DMCA 1201 is only one of a slew of laws that restrict the ability of technology users to modify the tools they own and use to favor their interests over manufacturers’: laws governing cybersecurity, trademarks, patents, contracts, and other legal constructs can be woven together to block the normal activities that the tech giants themselves once pursued.

Yes, there was a time when tech companies waged guerrilla warfare upon one another: reverse-engineering, scraping, and hacking each others’ products so that disgruntled users could switch from one service to another without incurring steep switching costs. For example, Facebook offered departing MySpace users a “bot” that would impersonate them to MySpace, scrape their inboxes, and import the messages to Facebook so users could maintain contact with friends they’d left behind on the older platform.

That all changed as tech consolidated, shrinking the internet to what software developer Tom Eastman calls “five giant websites, filled with screenshots of text from the other four.” This consolidation was not unique to tech. The 40-year drawdown of antitrust has led to mass consolidation across nearly every sector of the global economy, from bottle caps to banking. Tech companies merged, gobbled up hundreds of small startups, and burned billions of investor dollars offering products and services below cost, making it impossible for anyone else to get a foothold.

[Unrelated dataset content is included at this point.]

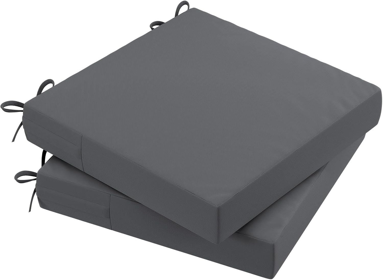 AAAAAcessories Outdoor Seat Cushions for Chairs, Waterproof, Fade-Resistant Patio Furniture Replacement Cushions, 19" x 19" x 3", Set of 2, Dark Gray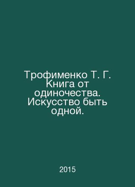 Trofimenko T. G. A book from loneliness. The Art of Being Alone. In Russian /Trofimenko T. G. Kniga ot odinochestva. Iskusstvo byt odnoy. Popular Edition. Series: Psychological Workshop. Rostov-on-Don: Phoenix, 2015.Contact us for details or to request photos of available books. Delivery of this book could take longer than normal due to additional handling time before shipping, and no rush delivery options are available. Please let us know if you have a specific date by which you need to receive your order.SKUalbd6f387a42513cee2

Tech was the first industry born in the post-antitrust age. The Apple ][+ hit shelves the same year Ronald Reagan hit the campaign trail. When tech hit its first inter-industry squabble, jousting with the much more mature and concentrated entertainment industry during the Napster wars of the early 2000s, it was trounced, losing every court, regulatory, and legislative fight.

By all rights, tech should have won those fights. After all, the tech sector in the go-go early internet years was massive, an order of magnitude larger than the entertainment companies challenging them in the halls of power. But Big Content was well-established, having boiled itself down to seven or so companies (depending on how you count), while tech was still a rabble of hundreds of small and medium-sized companies that couldn’t agree on its legislative priorities. Tech couldn’t even agree on the catering for a meeting where these priorities might be debated. Concentrated sectors find it comparatively easy to come to agreements, including agreements about what to tell Congress and federal judges. And since those concentrated sectors also find it easy to agree on whose turf belongs to whom, they are able to avoid the “wasteful competition” that erodes their profit margins, leaving them with vast war chests with which to pursue their legislative agenda.

As tech consolidated, it began to feel its oats. Narrow interpretations of existing laws were broadened. New, absurd gambits were invented and then accepted by authorities with straight faces.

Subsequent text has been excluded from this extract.